→ **Task requirements**: Copy the records below exactly, starting at the line that contains "Czerwone, Winogrona, Kieliszki, Dwa, Wino" and ending at the line that contains "[This review was"; leave out any pictures.

Records excerpted from a collection:
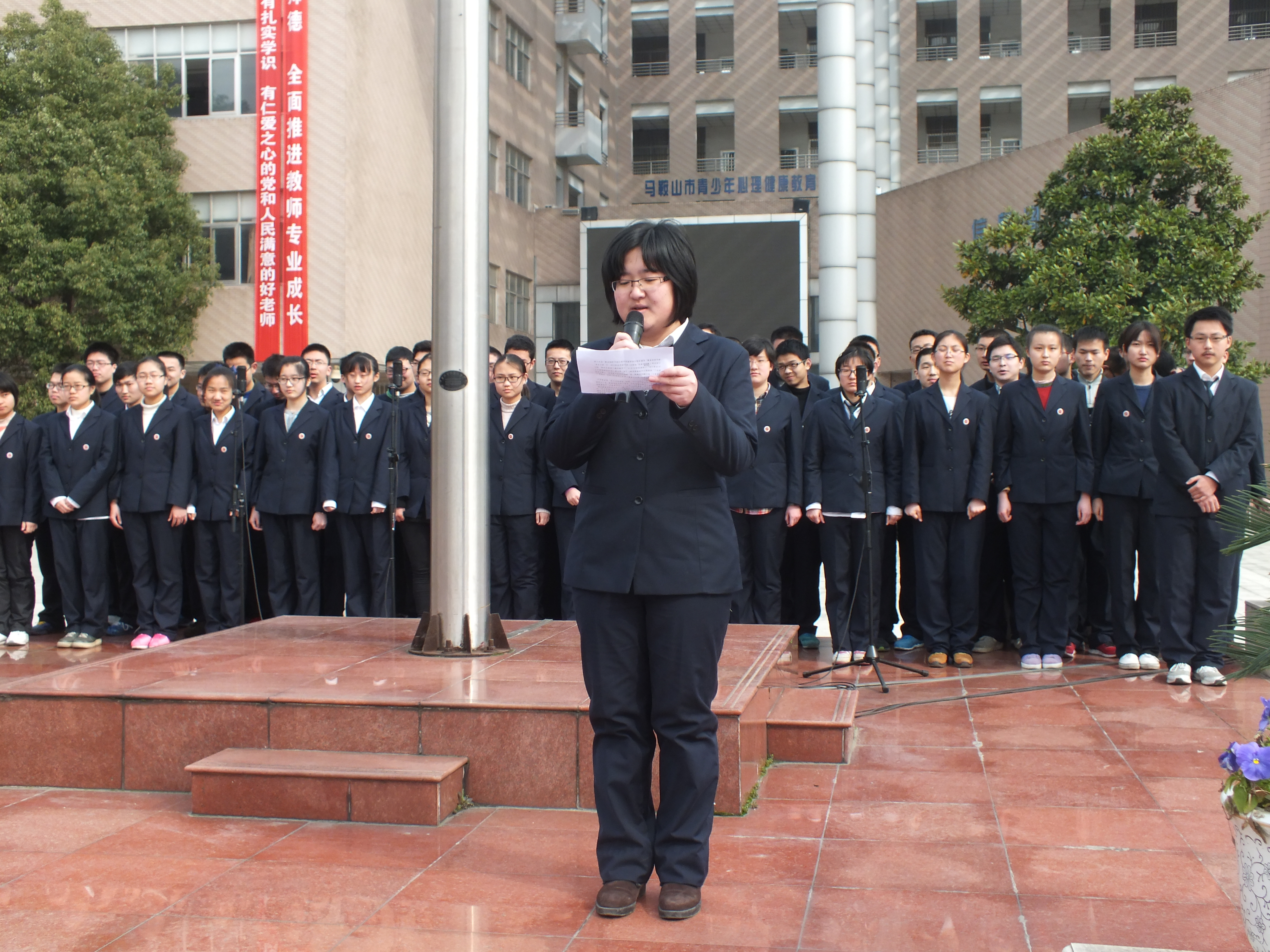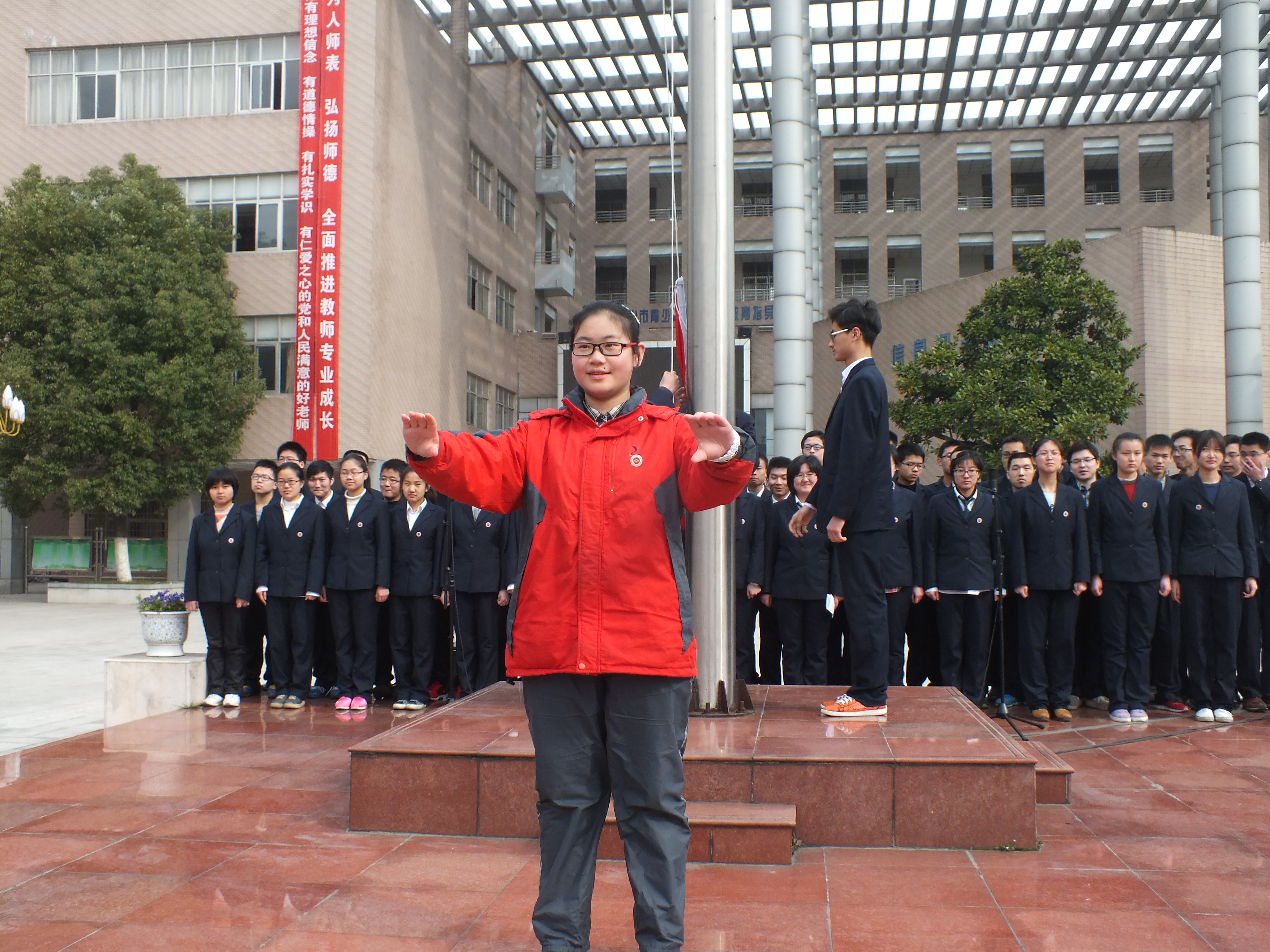 國旗下講話:2013-2014年度校“優秀學生幹部”、曾獲得全國英語競賽國家二等獎、“語文報”杯全國作文競賽省級三等獎,高三(2)班班長賀佳(jiā)琦同學。
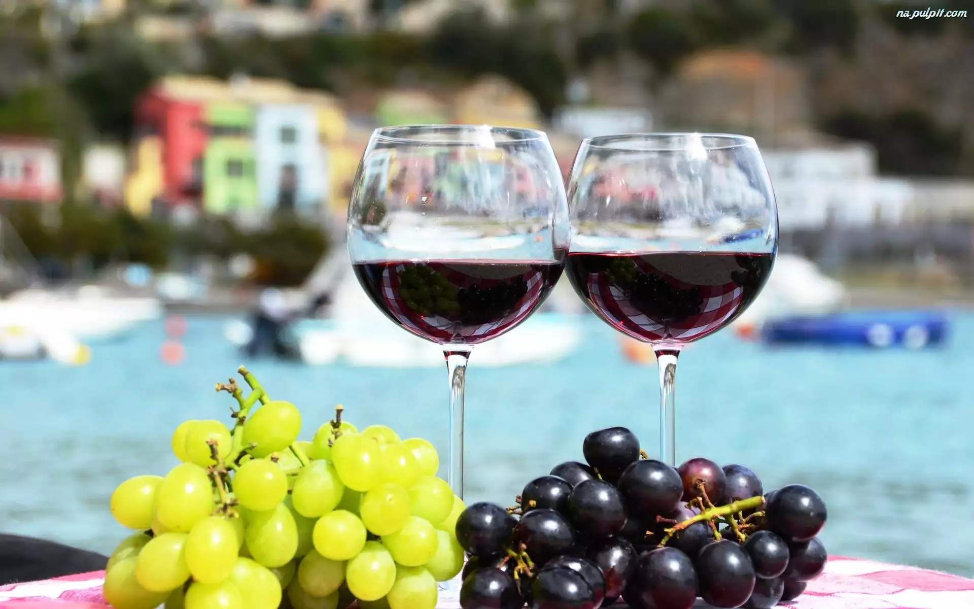 Czerwone, Winogrona, Kieliszki, Dwa, Wino
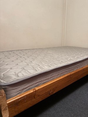 [This review was collected as part of a promotion.] This is a very spring-y mattress! My kids love it because it’s got quite the bounce. As an adult I can still feel the springs through the mattress so I’d want a mattress pad for sure. Over all it’s help up really well with kids and bouncing and has definitely kept its shape and supportive without being hard.
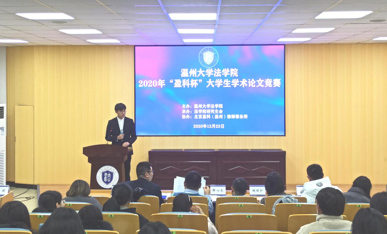 为营造浓厚的学术研究氛围,提升员工的学术研究能力,加强研究生和本科生之间的员工交流互助,yl永利集团官网登录于12月23日举办2020年“盈科杯”老员工学术论文竞赛。竞赛由yl永利集团官网登录研究生会承办、北京盈科(温州)律师事务所协办。yl永利集团官网登录副经理缪心毫、盈科律师事务所主任杜丽、盈科律师事务所高级合伙人王平、以及yl永利集团官网登录任江老师、谢丽珍老师、周浩仁老师出席活动并担任评委。本次竞赛活动以“‘新冠’疫情背景下的法律问题”为主题,yl永利集团官网登录同学们积极参与,共有32篇作品参赛,经过初审、现场答辩两个环节评出奖项。
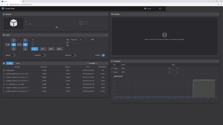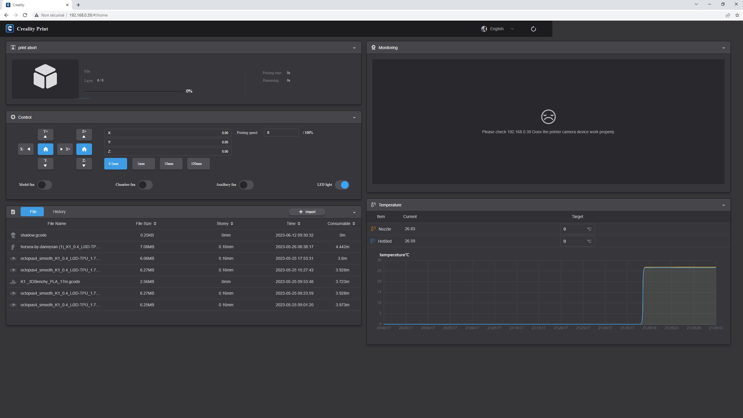 Mais aussi depuis l’interface web embarquée qui permet donc d’envoyer et exécuter les Gcodes conçus avec d’autres slicers :
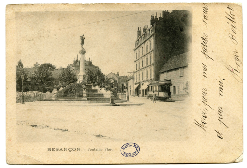 Printemps 1897, grosse surprise pour Flore, un tramway électrique passe à ses pieds pour rejoindre la gare Viotte. Et très rapidement une ligne nouvelle de 86,70 mètres conduit les bisontins de la place Flore au cimetière des Chaprais . Elle emprunte une petite partie de la rue de Belfort puis la rue de l’Eglise. Le terminus est devant l’entrée du cimetière de la rue de l’Eglise. Ce tracé sera par la suite supprimé, du fait de la faible fréquentation de la ligne et le tram ira tout droit rue de Belfort. Terminus après le pont qui enjambe le chemin de fer près de l’école des Chaprais.
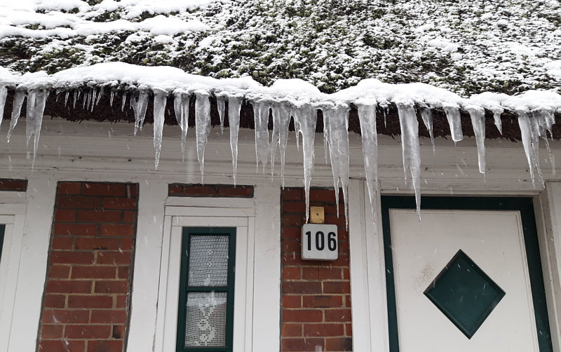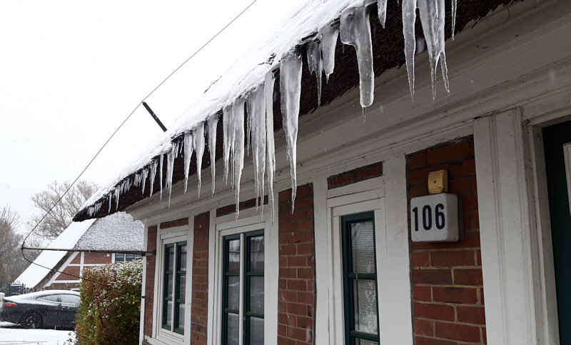In Hamburg-Curslack fotografiert ... so lange Eiszapfen an einem Strohdachhaus

→ **Your response**:
 Czerwone, Winogrona, Kieliszki, Dwa, Wino
 [This review was collected as part of a promotion.] This is a very spring-y mattress! My kids love it because it’s got quite the bounce. As an adult I can still feel the springs through the mattress so I’d want a mattress pad for sure. Over all it’s help up really well with kids and bouncing and has definitely kept its shape and supportive without being hard.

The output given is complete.